In webgpu / webgl2, is it possible to force early stencil / depth test (to run before the fragment shader runs) ?
XY problem: writing a Rust/wasm32 app that uses webgpu / webgl2. I have a fragment shader that is rather expensive; and if possible, would prefer to force early stencil / depth test.
I'm not familiar with the webgpu API, but in general, you can use deferred rendering to reduce number of invocations of fragment shaders if early z test is not available.
in that case, I'm afraid I'm not qualified to give any useful advices; I have no experience at all on how ray tracing pipelines work.
just saying, or traditional rasterizer pipelines, deferred shading is a matter of split the rendering process into a geometry pass and a color pass. unless your per fragment geometry data (which is the input to the color calculation) is unreasonably large and your g-buffer may explode, it should be possible to convert a forward rendering pipeline into a deferred pipeline in general, but the actual savings of the geometry pass and the amount of work required to modify the code depend heavily on the complexity of the original rendering pipelines.

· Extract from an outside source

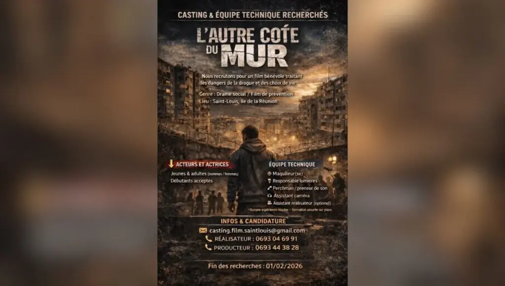 Tourné à Saint-Louis, le film s’ancre pleinement dans le territoire réunionnais tout en abordant des problématiques universelles. L’Autre Côté du Mur se positionne comme un outil de prévention, mais aussi comme une œuvre humaine, tournée vers l’espoir et la responsabilité individuelle.

if there was no 'discard', what you described above works
because of the 'discard', it is not easy to split this into two stages (more precisely: we can split into two stages, but do not save much, as everything up to the 'discard' has to run in the first stage)
that's not entirely true, the first pass output to g-buffers, which stores the input data to the "(expensive ray trace)` calculation without doing the calculation. as I said, depending the complexity of your actual lighting calculation, it might not be practical to store all the required data into g-buffers. but basically it's a space-vs-time trade off.
not all forward rendering pipeline can be easily converted to deferred shading, as a start point, it seems you only need to change the fragment shader, but often you end up re-writing the entire rendering pipeline.
I'm not sure what you're trying to achieve specifically here, but you can't skip to the discard without the if!
If you simply need to reduce overdraw, then yes you're looking at deferred rendering, or perhaps it's modern engine fancy pants version, clustered rendering.
with the assumption that writing to g-buffers is much cheaper than the light calculation, I think you can write out the g-buffers unconditionally and rely on the z buffer for visibility test, no discard involved.
I'm sure this is heavily hardware dependant, and especially in cache hit rate. But back of the envelope calculation would be that you have 1 arithmetic op per cycle, which means at 2GHz 200 cycles works out to 10ms, which sounds reasonable.
ah, I see, that makes sense now. I misunderstood the problem then. the cost you are trying to reduce in your fragment shader is not for the lighting but some kind of screen space, eh, computation. that, I have absolute no idea how to do then.